══ Given data ══
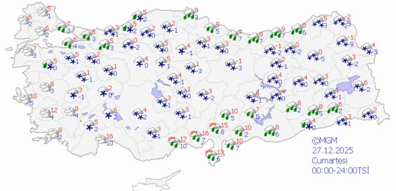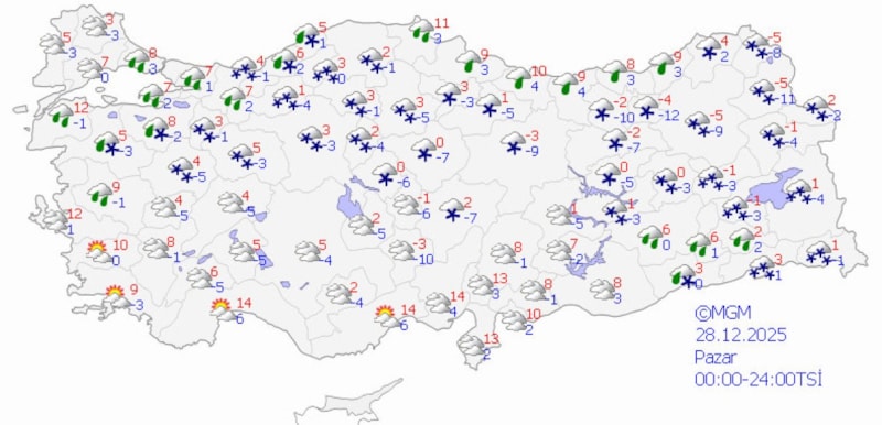 İl genelinde 29 Aralık Pazartesi günü, karla karışık yağmur ve yükseklerde de kar yağışı olması tahmin ediliyor.
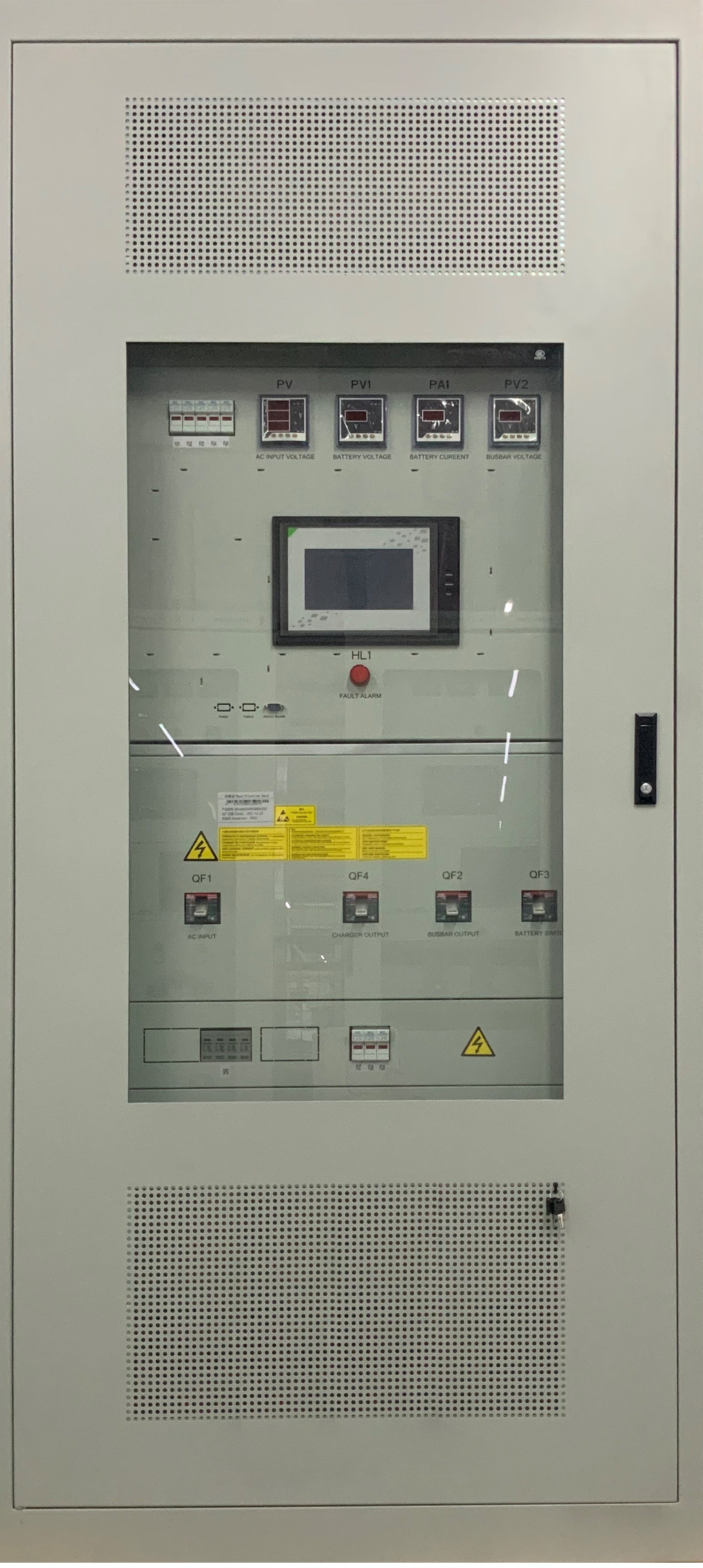 分屏系統(tǒng)II由一面充電屏、一面饋電屏和多面電池屏組成,充電屏包括交流配電、整流模塊、監(jiān)控系統(tǒng)、降壓?jiǎn)卧蛇x硅鏈);饋電屏包括絕緣監(jiān)測(cè)儀、直流饋電單元。
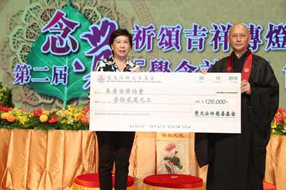 香海正觉莲社副社长何国荣居士向受助机构颁发大支票(图片来源:香港观宗寺,摄影:李杰飞)
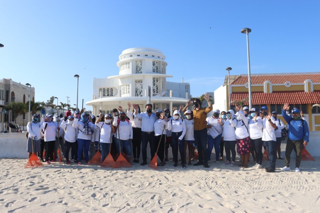 Progreso, Yucatán a 18 de abril de 2022.-Esta mañana el alcalde de Progreso, Julián Zacarías Curi acompañó a los 33 elementos del Programa de Limpieza de Playas y Ciénegas, en su labor por conservar las zonas costeras del puerto libres de residuos sólidos y contaminantes.
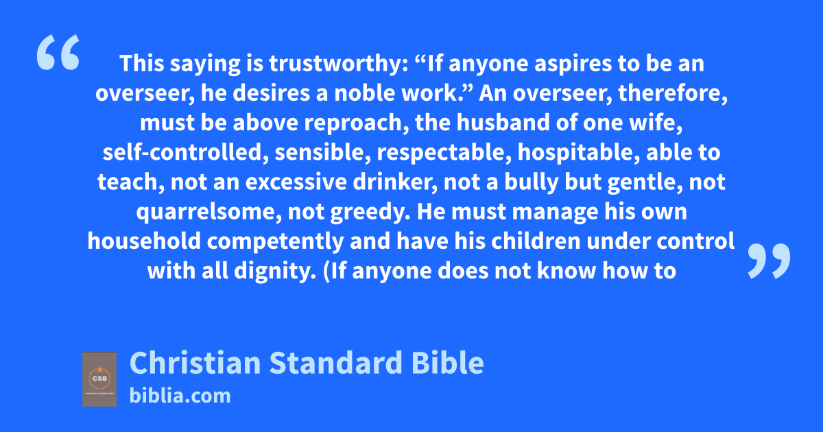 3 This saying is trustworthy:h “If anyone aspires to be an overseer,B,i he desires a noble work.” 2 An overseer,j therefore, must be above reproach, the husband of one wife, self-controlled, sensible,k respectable, hospitable,l able to teach, 3 not an excessive drinker, not a bully but gentle, not quarrelsome, not greedy.m 4 He must manage his own household competently and have his children under control with all dignity. 5 (If anyone does not know how to manage his own household, how will he take care of God’s church?) 6 He must not be a new convert, or he might become conceited and incur the same condemnation as the devil.n 7 Furthermore, he must have a good reputation among outsiders, so that he does not fall into disgrace and the devil’so trap.
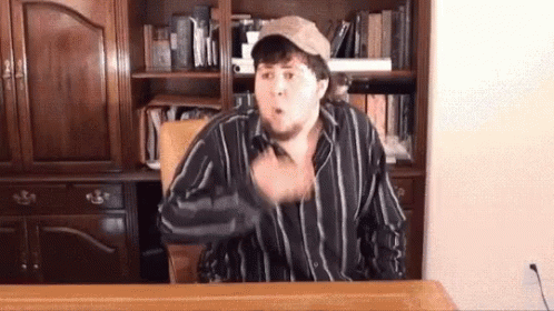 Content Description: a man wearing a hat and a striped shirt is sitting at a desk in front of a bookshelf .
═══
Problem description: Output only the lines above from the one containing "分屏系統(tǒng)II由一" to the one containing "Progreso, Yucatán a", both included, exactly as written and with no pictures.

Answer space:
 分屏系統(tǒng)II由一面充電屏、一面饋電屏和多面電池屏組成,充電屏包括交流配電、整流模塊、監(jiān)控系統(tǒng)、降壓?jiǎn)卧蛇x硅鏈);饋電屏包括絕緣監(jiān)測(cè)儀、直流饋電單元。
 香海正觉莲社副社长何国荣居士向受助机构颁发大支票(图片来源:香港观宗寺,摄影:李杰飞)
 Progreso, Yucatán a 18 de abril de 2022.-Esta mañana el alcalde de Progreso, Julián Zacarías Curi acompañó a los 33 elementos del Programa de Limpieza de Playas y Ciénegas, en su labor por conservar las zonas costeras del puerto libres de residuos sólidos y contaminantes.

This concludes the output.